Bug 1226497 - No boot from software RAID after upgrade to 15.6 on Supermicro H12DSi-NT6
Summary: No boot from software RAID after upgrade to 15.6 on Supermicro H12DSi-NT6
Status: IN_PROGRESS
Alias: None
Product: openSUSE Distribution
Classification: openSUSE
Component: Bootloader (show other bugs)
Version: Leap 15.6
Hardware: x86-64 Other
: P5 - None : Major (vote)
Target Milestone: ---
Assignee: Bootloader Maintainers
QA Contact: E-mail List
URL:
Whiteboard:
Keywords:
Depends on:
Blocks:
 
Reported: 2024-06-18 20:19 UTC by Georg Pfuetzenreuter
Modified: 2024-07-16 07:04 UTC (History)
5 users (show)

See Also:
Found By: ---
Services Priority:
Business Priority:
Blocker: ---
Marketing QA Status: ---
IT Deployment: ---


Attachments

Note You need to log in before you can comment on or make changes to this bug.
Description Georg Pfuetzenreuter 2024-06-18 20:19:35 UTC
Hi,

this follows https://progress.opensuse.org/issues/162401.

Background:
We have several hypervisors with a software RAID (MDADM) setup, which also houses /boot and /boot/efi.

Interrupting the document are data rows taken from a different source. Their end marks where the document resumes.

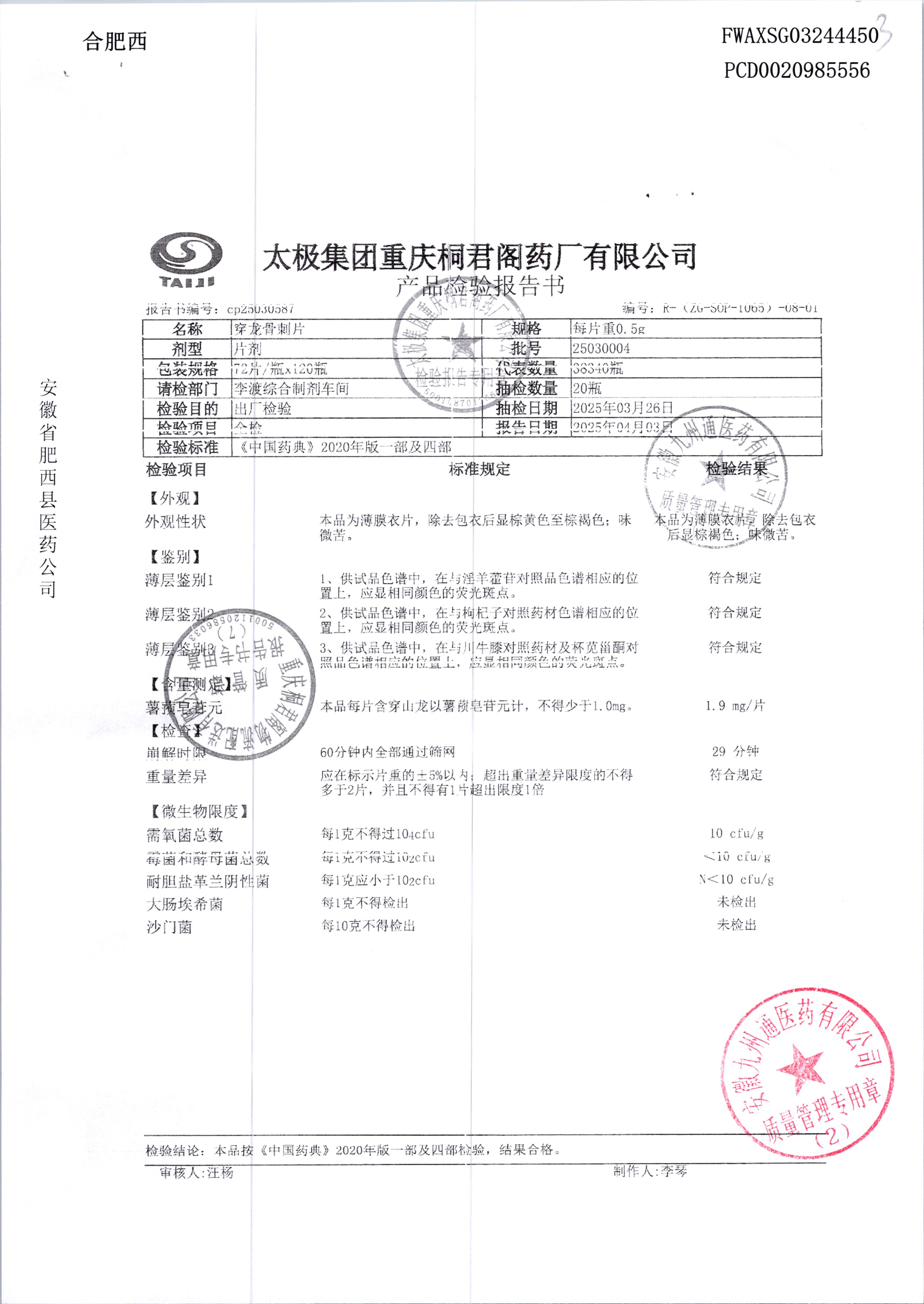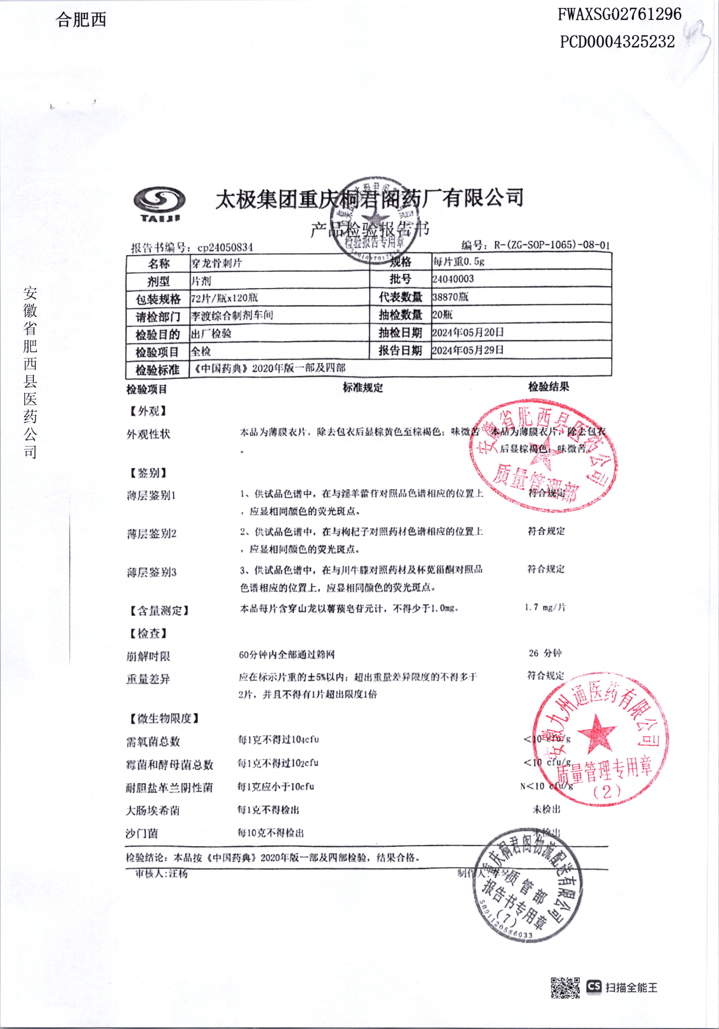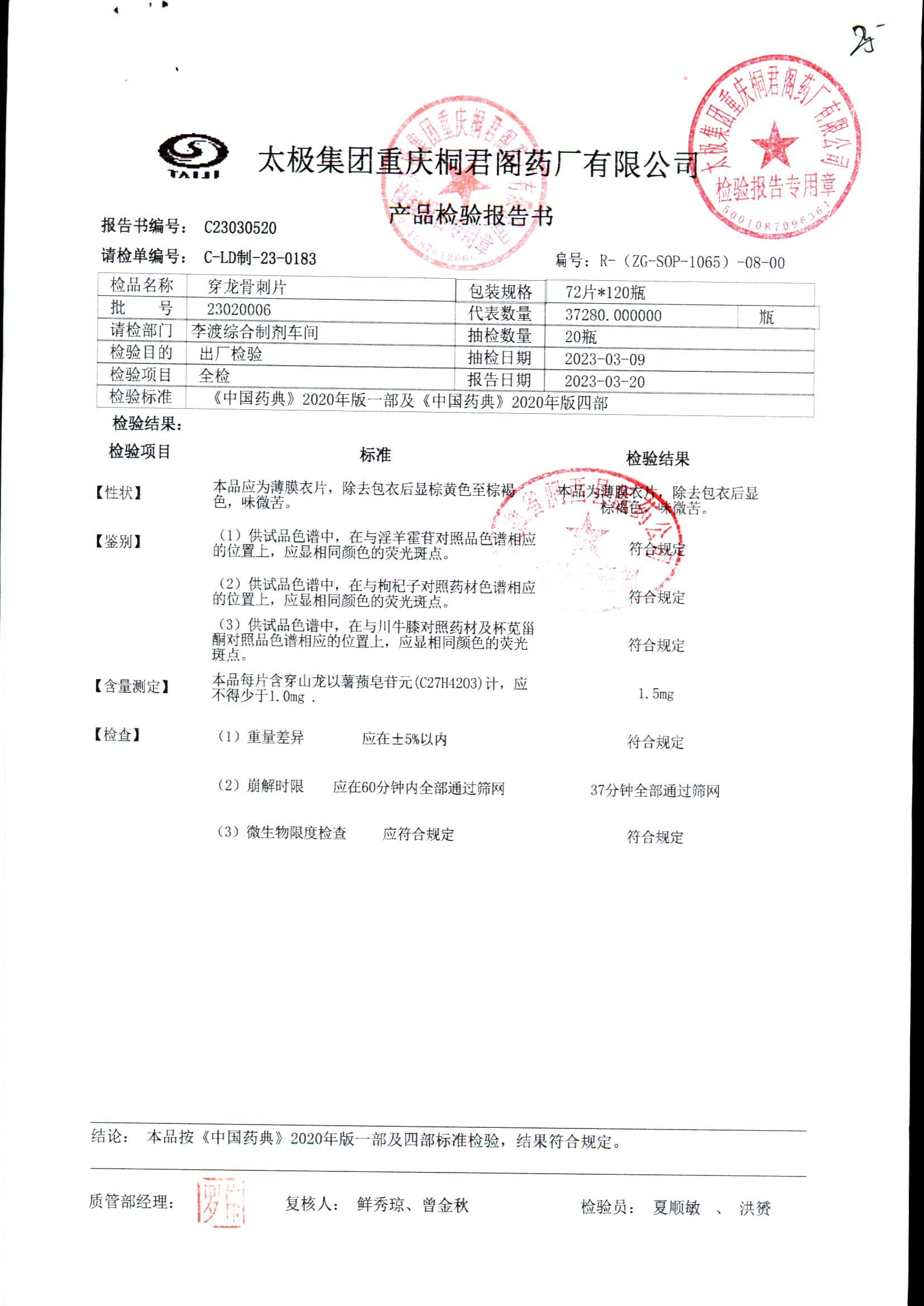| 穿龙骨刺片 | 0.5g*72片 | 24040003 | 查看详情 |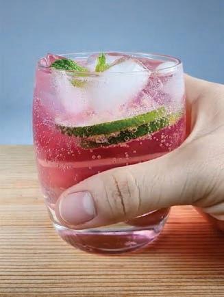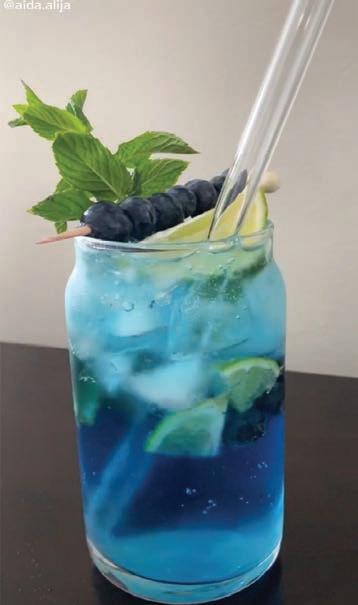 1 Se colocan 10 blueberries, 4 trozos de limón y hojas de yerbabuena en el vaso y se aplastan.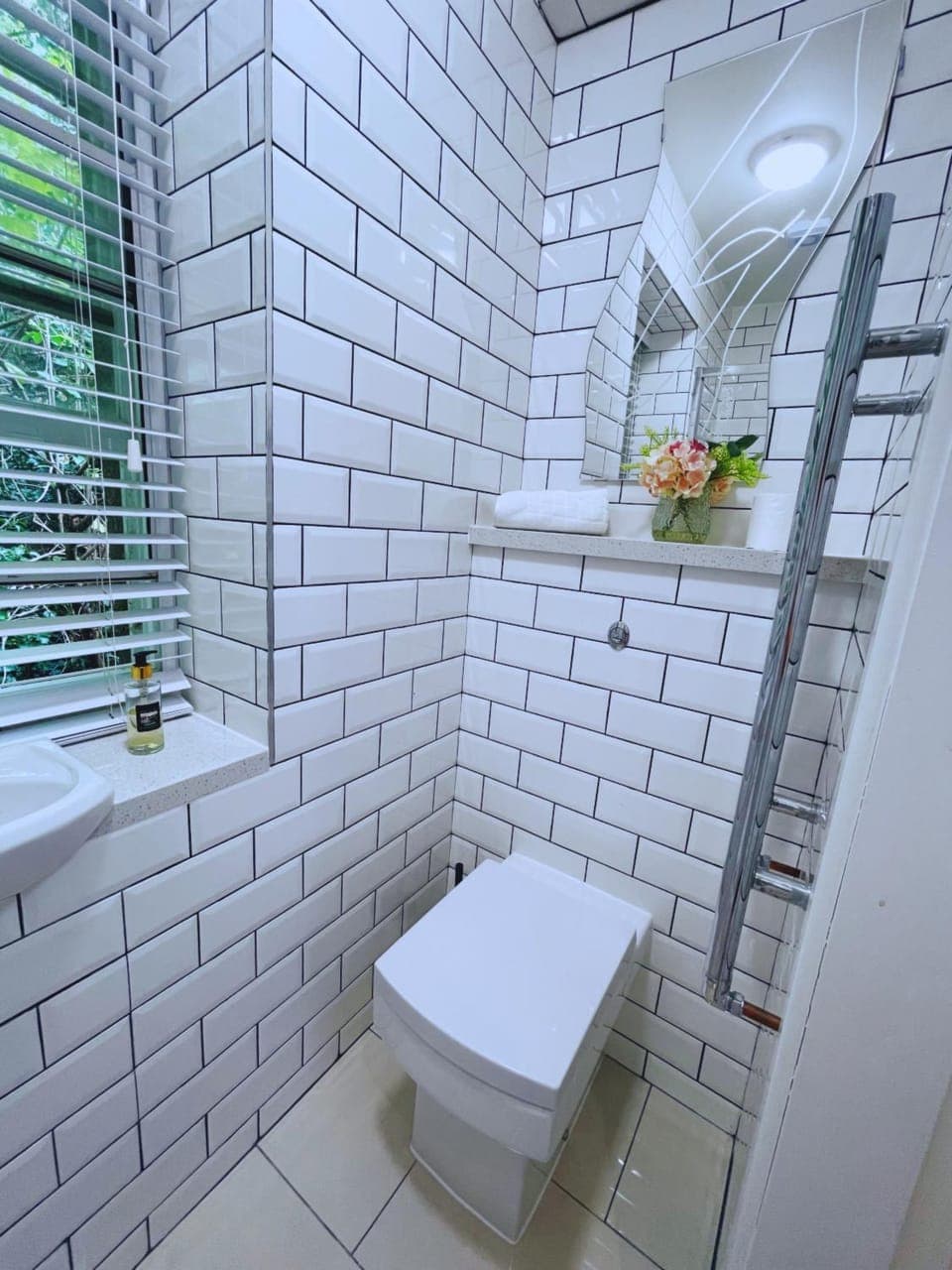 A Lovely little bathroom with nice shower pressure. Clean toilet and functional window.

This always worked very well on Supermicro platforms and avoided the need for additional tricks to keep the EFI partition redundant and in sync.

Situation:
The upgrade to 15.6 on one such machine (with a Supermicro H12SSL-NT board) worked fine.
A second machine (with a Supermicro H12DSi-NT6 board) however freezes at POST during the reboot while printing "Ready to boot" (after which it would usually execute to the OS bootloader) after the 15.6 upgrade.

Entering a chroot from a live environment, downgrading the GRUB packages to the ones used on 15.5

grub2-2.06-150500.29.25.12.x86_64.rpm
grub2-i386-pc-2.06-150500.29.25.12.noarch.rpm
grub2-x86_64-efi-2.06-150500.29.25.12.noarch.rpm

and `bash -x /usr/lib/bootloader/grub2-efi/install` makes the machine boot again.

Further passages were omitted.